Simple position encoder. An MLP on sinusoidal features may not capture complex map topology. Two positions that are close in Euclidean distance but separated by a thin wall (and therefore have completely different visual content) get similar position embeddings. But the current approach works well enough for the map tested.

Wall-facing difficulty. Despite calibration, wall-facing frames remain the primary source of false positives. The fundamental issue is that walls have less visual information per position than open areas so there's less signal for the model to match against. Depth-based features as additional input, or even abandoning absolute coordinates as input just like the above point.

Coarse calibration grid. The spatial binning is coarse. Fine-grained map features (doorways, texture boundaries) span sub-bin regions. Bins with few training samples fall back to global stats, which can be poorly calibrated. A finer grid or a learned calibration network would improve spatial uniformity, at the cost of needing more calibration data.

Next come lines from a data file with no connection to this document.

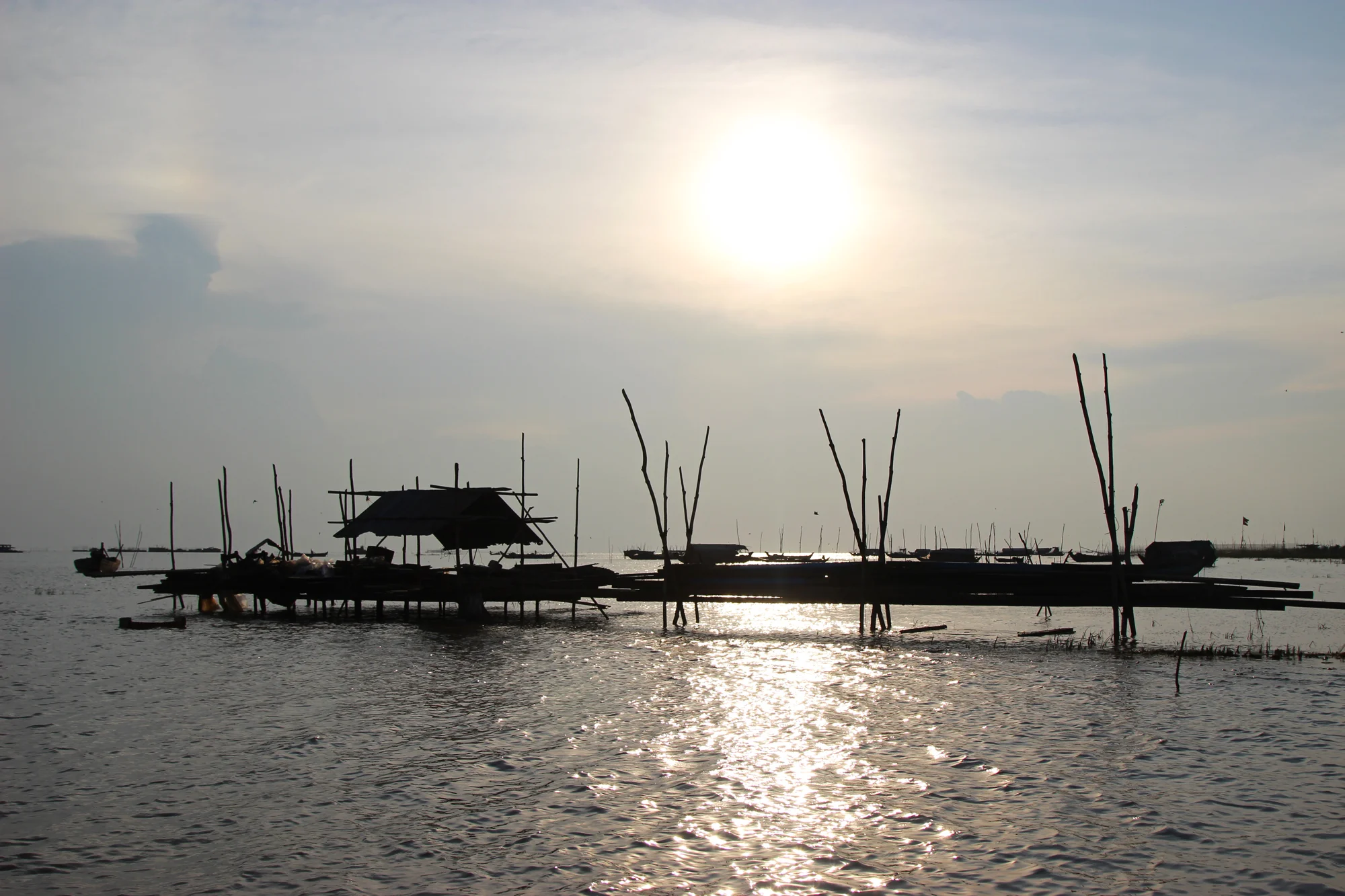 Tina, our tuk tuk driver, who dreams big and studies Japanese while waiting for us to get our acts together, has driven us out through dusty air and juddering road to Tonle Sap. The largest freshwater lake in South East Asia is a spectacle in itself, all glittering surface and huge skies. It’s a welcome break from the heat and crowds of Angkor Wat, but that’s not what we’re here for. We’ve come to see how a community lives out their lives in the strangest of circumstances.
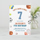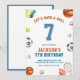 Celebrate an action-packed birthday with this fun sports-themed 7th birthday invitation featuring the playful phrase “Let’s Have a Ball.” Designed with a bold number 7 and a mix of popular sports balls—including soccer, basketball, baseball, football, tennis, and more—this invitation is perfect for an all-sports birthday celebration.
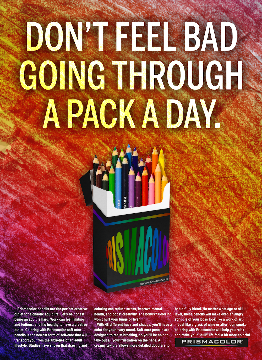 Just like a runner's high or smoking some flower, coloring with Prismacolor pencils will help you relax and release endorphins.
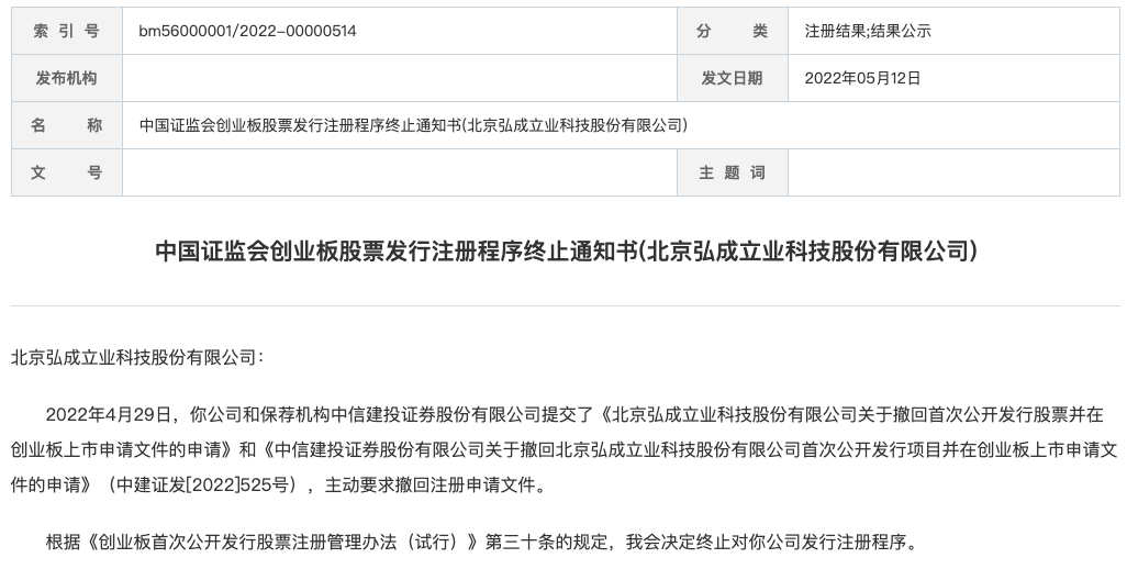 2022年5月12日,中國證監會發布了《創業板股票發行注冊程序終止通知書》,聲明弘成立業在4月29日主動提交了《北京弘成立業科技股份有限公司關于撤回首次公開發行股票并在創業板上市申請文件的申請》和《中信建投證券股份有限公司關于撤回北京弘成立業科技股份有限公司首次公開發行項目并在創業板上市申請文件的申請》,主動要求撤回注冊申請文件。
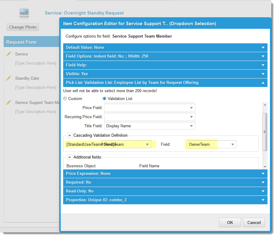 This example illustrates how to trigger values from additional fields or a combo box (cascading validation list) by creating a service that uses a value based on the OwnerTeam field.

Single-frame scoring. The model sees one frame at a time. A temporal version scoring a short window of recent frames could catch drift earlier by detecting trends in the score trajectory.

Anchor point memory. It is not possible to cheat memory after all. Periodically saving generated frames as anchor points and scoring future frames against them, combined with relative position inputs rather than absolute coordinates, could produce a detector that generalises across maps without retraining per environment.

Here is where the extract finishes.